Hacker Newsnew | past | comments | ask | show | jobs | submitlogin
How I Made My Ruby Project 10x Faster (adit.io)
97 points by jjhageman on Aug 19, 2013 | hide | past | favorite | 57 comments


Is it wrong that I was secretly hoping the answer was "I rewrote it in something that isn't ruby"?


At this point on HN, I was expecting a page that just said "I rewrote it in Go"


Or Erlang/Elixir.


Never any love for Haskell... which is ironic considering his ruby library is essentially a (weak) runtime version of Haskell's type signatures.


Damn, busted. Elixir was the first thing that popped into my head on seeing this title. It looks almost like a Ruby port to the Erlang VM.

That said, good writeup, even for a non-Rubyist, enjoyed seeing the process.

One thing that stuck out is how control flow via if/then/else is faster than via case (for more than 2 options) in Ruby. I always assumed the opposite, for any language.

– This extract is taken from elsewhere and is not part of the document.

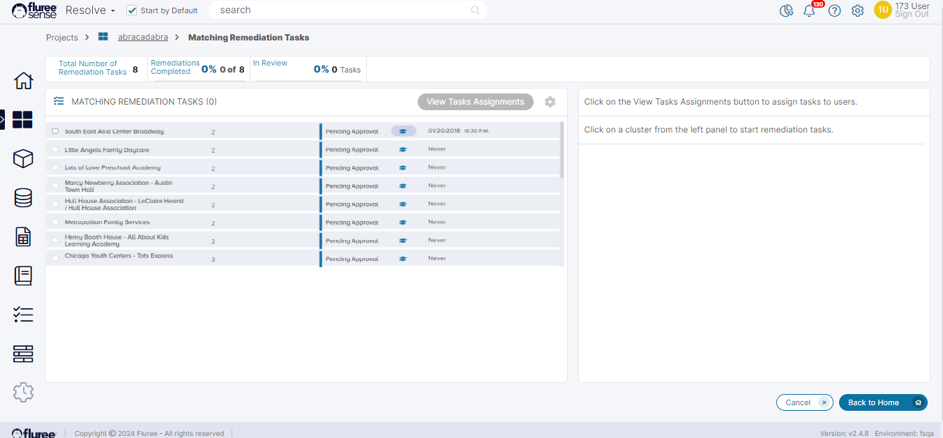 Below is a typical list of Fixing (or 'Matching Remediation' Tasks as they are called). These are accessible from the wrench icon in the Project Home Screen in the left side , in the 'Entities Resolved' section.

There's an older (but still interesting) post about case in Ruby here[1] and another here[2] with some extra insight into the MRI implementation. Having learned Ruby before most of the other stuff I play with these days, I always second-guess myself when using a switch/case construct in my code.

[1] http://www.skorks.com/2009/08/how-a-ruby-case-statement-work... [2] http://www.daniellesucher.com/2013/07/ruby-case-versus-if/


Nice writeups, thanks!


Ruby is awesome, so yes that would be wrong. But is it wrong that I was secretly hoping the answer was to abandon the project?

Contracts are not needed and it obfuscates the error raising. Just use plain Ruby if you need to raise an exception. I'm will seriously quit using Ruby if someone makes me use contracts.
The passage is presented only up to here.